How well I love my Christian family members is a strong indication of how I love God.  Paul offers an example of how the Christian family should sacrifice for each other in the sixth chapter of first Corinthians.  He proposes that it is better to forgive another Christian who has wronged me than to make the “family disagreement” a matter of public record.  If a member of my Christian family wrongs me, I have the opportunity to respond like Jesus rather than like the world.  What do I value so much that would make me choose being unforgiving rather than being like Christ?

My ill-delivered zeal for unity among Jesus’ disciples has actually caused division.  The change I long for in the Body of Christ, from independence to inter-dependence, will not take place through words that condemn but words that compel.  Moreover, my actions must show unity and love.  No matter how mature I am in my Christian life, I can have confidence that my every attitude, act, and belief is less than perfect.  If I convince myself differently, it hinders further maturity and growth.  Rather than clutching to my imperfections, I need to cultivate the ability to change my mind, behavior, and attitude when it is clearly God’s will for me to do so.  (adapted from Liberation of Life by Harvey & Lois Seifert)

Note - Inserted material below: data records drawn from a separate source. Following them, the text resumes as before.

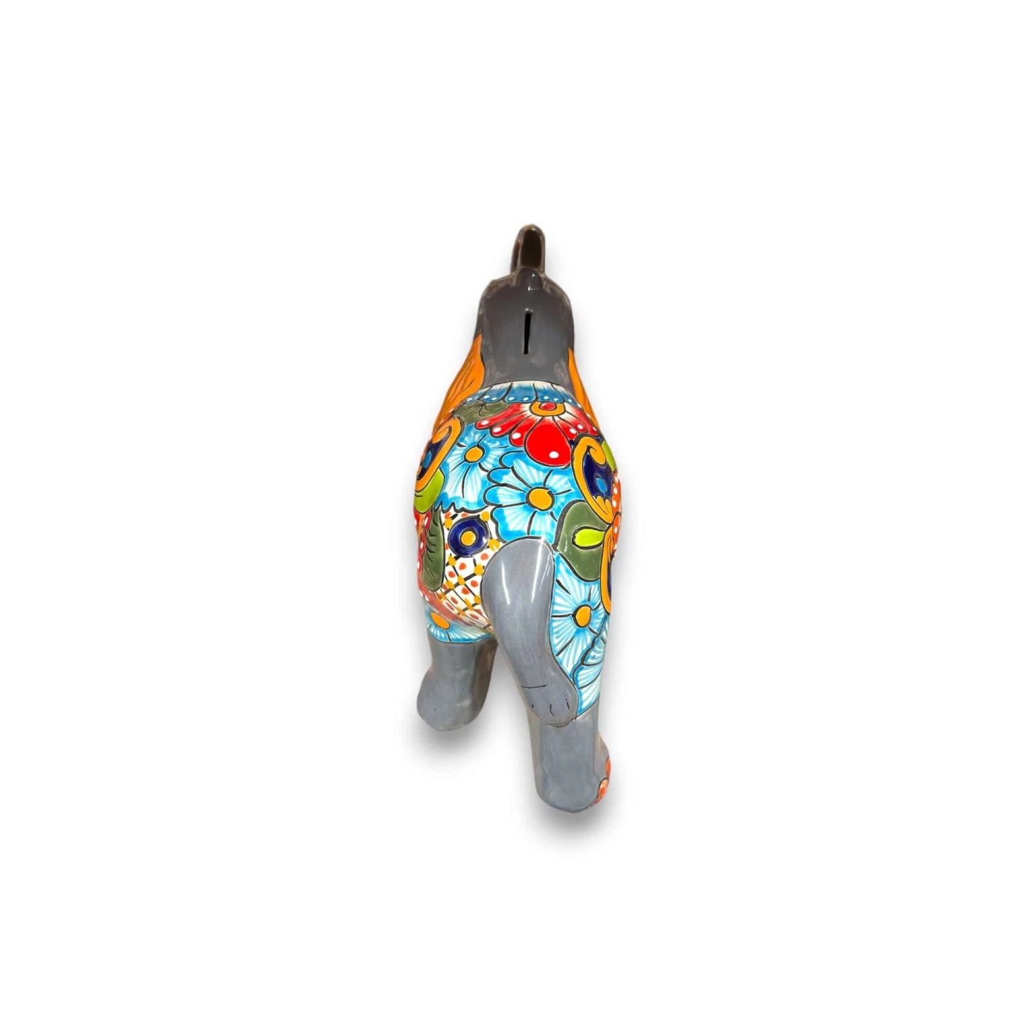 STYLE: Our Colorful Talavera Elephant Shaped Piggy Banks are expertly crafted in the tradition of Talavera pottery, showcasing the intricate designs and brilliant hues that make them truly captivating. Each bank is a miniature masterpiece, celebrating the artistry of skilled artisans.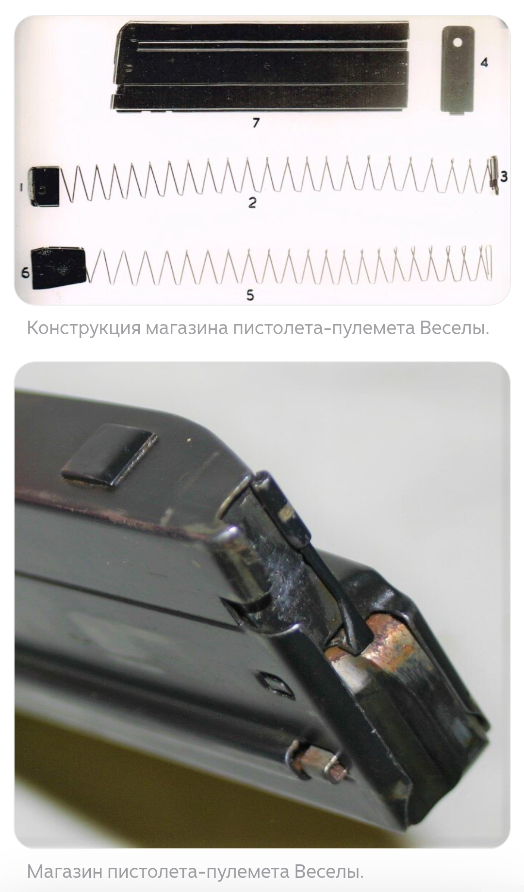 В-третьих, пистолет-пулемет имел магазин оригинальной конструкции - патроны располагались в нем в два “столба” друг за другом.
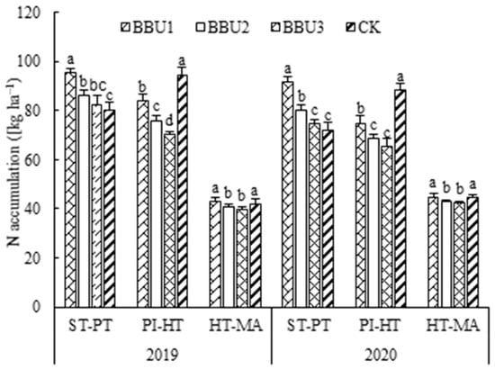 Different fertilization treatments exerted significant effects on N accumulation (Figure 2). At each growth stage, the BBU1 treatment resulted in the accumulation of significantly more N than either the BBU2 or BBU3 treatments. Additionally, from sowing time to panicle initiation stages, BBU1 accumulated 18.5–27.1% more nitrogen than CK; from panicle initiation to maturity stages, BBU1 and CK had no significant difference.

Paul said we need each other, but the breadth of his meaning is greater than I first thought.  Romans 12:5b says, “And since we are all one body in Christ, we belong to each other, and each needs all the others.”  I belong to other believers, and I need all of them.  No member of the body is optional; they are all mission critical.  I don’t just need the Rock-Star members; I need the humble, meek, quiet members, too.  In fact, God does not long for Rock-Star Christians to give a performance as much as he longs for his Bride to be ready for the wedding.

A thought about balance is a fitting close to this week’s long-winded piece.  In this unity, there is a place for solitude.  Without times of solitude with the Lord, unity can begin to feel clingy, overwhelming, and even parasitic.  I can know unity is always there even when I am not in the midst of it.  Solitude increases my love for unity.

*A Guide To Prayer by Job and Shawchuck provided the scripture references and readings that inspired these reflections.  I found this devotional to be the most heart changing of any I’ve used.  It truly lives up to its title.